School of life sciences, Northeast Agricultural University, Harbin, PR China; Department of Data and Computing, Northeast Agricultural University, Harbin, PR China.
Department of Data and Computing, Northeast Agricultural University, Harbin, PR China; School of Engineering, Northeast Agricultural University, Harbin, PR China.
Comput Methods Programs Biomed. 2024 Feb;244:108003. doi: 10.1016/j.cmpb.2023.108003. Epub 2023 Dec 31.
Recent studies have emphasized the significance of computational in silico drug-target binding affinity (DTA) prediction in the field of drug discovery and drug repurposing. However, existing DTA prediction approaches suffer from two major deficiencies that impede their progress. Firstly, while most methods primarily focus on the feature representations of drug-target binding affinity pairs, they fail to consider the long-distance relationships of proteins. Furthermore, many deep learning-based DTA predictors simply model the interaction of drug-target pairs through concatenation, which hampers the ability to enhance prediction performance.

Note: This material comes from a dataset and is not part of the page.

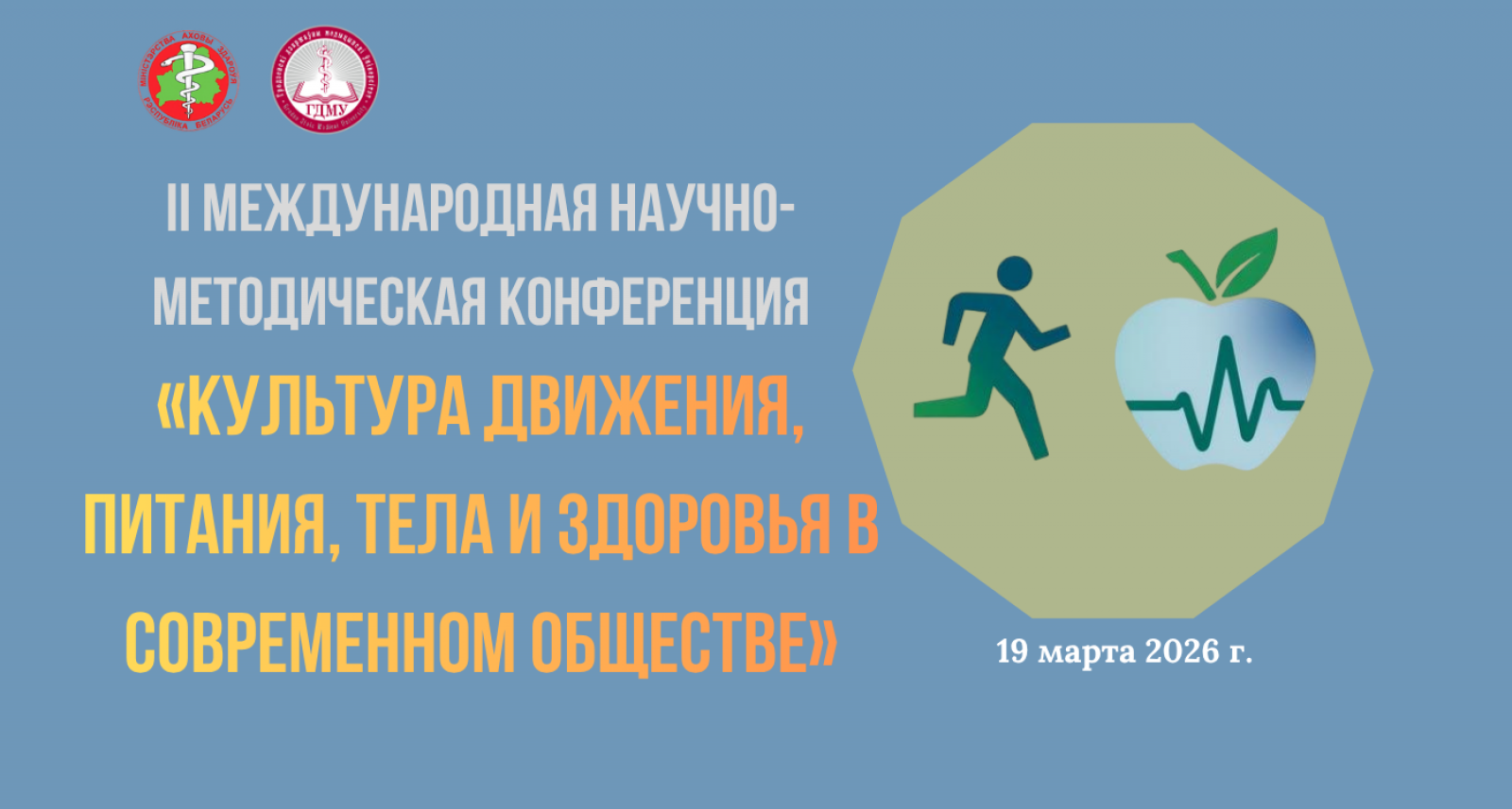Приглашаем Вас принять участие во II международной научно-методической конференции Гродненского государственного медицинского университета «Культура движения, питания, тела и здоровья в современном обществе», которая состоится 19 марта 2026 года.

To address these issues, this study proposes a novel framework named TransVAE-DTA, which combines the transformer and variational autoencoder (VAE). Inspired by the early success of VAEs, we aim to further investigate the feasibility of VAEs for drug structure encoding, while utilizing the transformer architecture for target feature representation. Additionally, an adaptive attention pooling (AAP) module is designed to fuse the drug and target encoded features. Notably, TransVAE-DTA is proven to maximize the lower bound of the joint likelihood of drug, target, and their DTAs.
Experimental results demonstrate the superiority of TransVAE-DTA in drug-target binding affinity prediction assignments on two public Davis and KIBA datasets.

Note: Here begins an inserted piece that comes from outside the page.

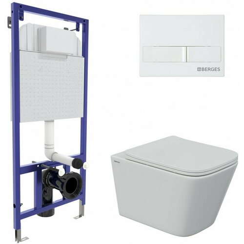 Berges Wasserhaus Комплект BERGES для монтажа подвесного унитаза GAMMA: инсталляция NOVUM525, кнопка S3, унитаз с сиденьем микролифт, быстросъем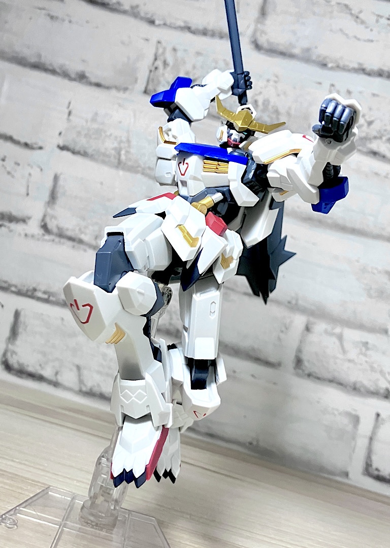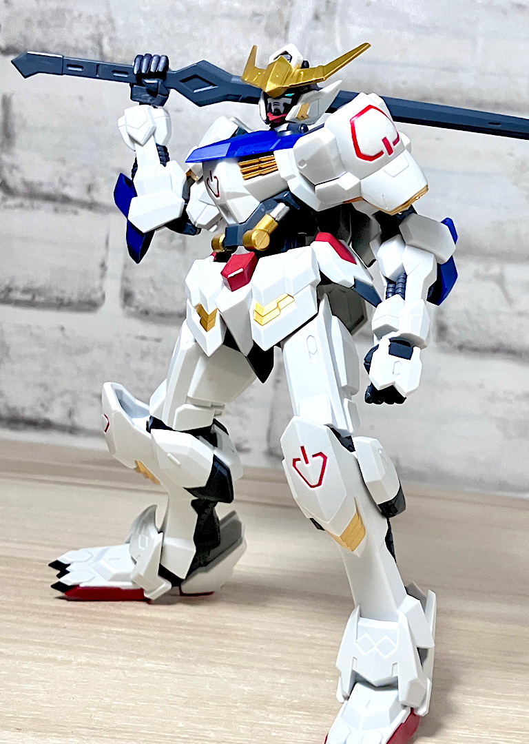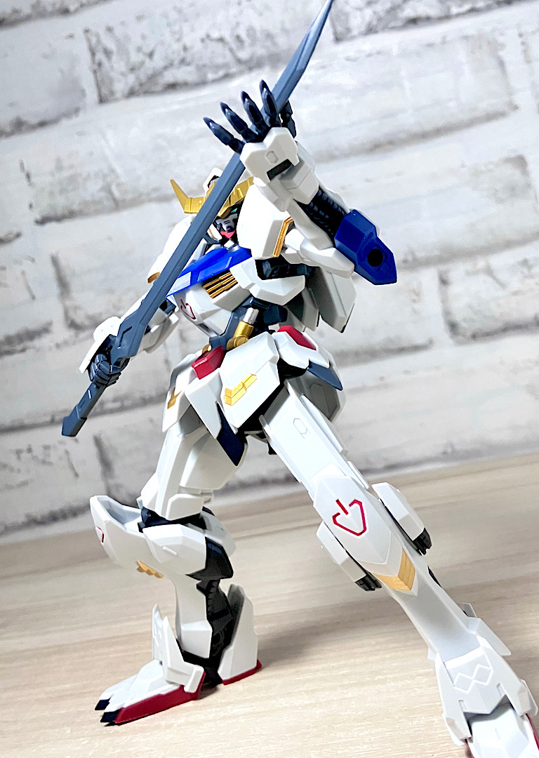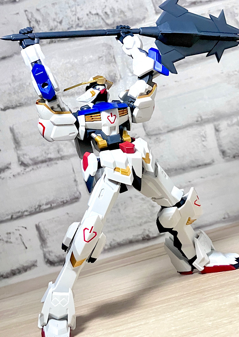 【可動】新型フレームにより素体はグリグリ動きます。バルバトスはそんなに装飾が多くないので腰のパーツポロリは少ないですが、上腕部を包むような肩パーツが腕周りを動かす時に干渉しがちです。

In this research, the developed TransVAE-DTA opens a new avenue for engineering drug-target interactions.
最近的研究强调了计算药物靶标结合亲和力(DTA)预测在药物发现和药物再利用领域的重要性。然而,现有的 DTA 预测方法存在两个主要缺陷,阻碍了它们的发展。首先,虽然大多数方法主要关注药物靶标结合亲和力对的特征表示,但它们没有考虑蛋白质的远距离关系。此外,许多基于深度学习的 DTA 预测器只是通过串联来模拟药物靶标对的相互作用,这阻碍了提高预测性能的能力。
为了解决这些问题,本研究提出了一种名为 TransVAE-DTA 的新框架,它结合了转换器和变分自动编码器(VAE)。受 VAEs 早期成功的启发,我们旨在进一步研究 VAEs 用于药物结构编码的可行性,同时利用转换器架构进行目标特征表示。此外,设计了自适应注意池(AAP)模块来融合药物和目标编码特征。值得注意的是,TransVAE-DTA 被证明可以最大化药物、靶标及其 DTA 的联合似然的下界。
实验结果表明,在两个公共的 Davis 和 KIBA 数据集上,TransVAE-DTA 在药物靶标结合亲和力预测任务中具有优越性。
在这项研究中,开发的 TransVAE-DTA 为工程药物靶标相互作用开辟了新途径。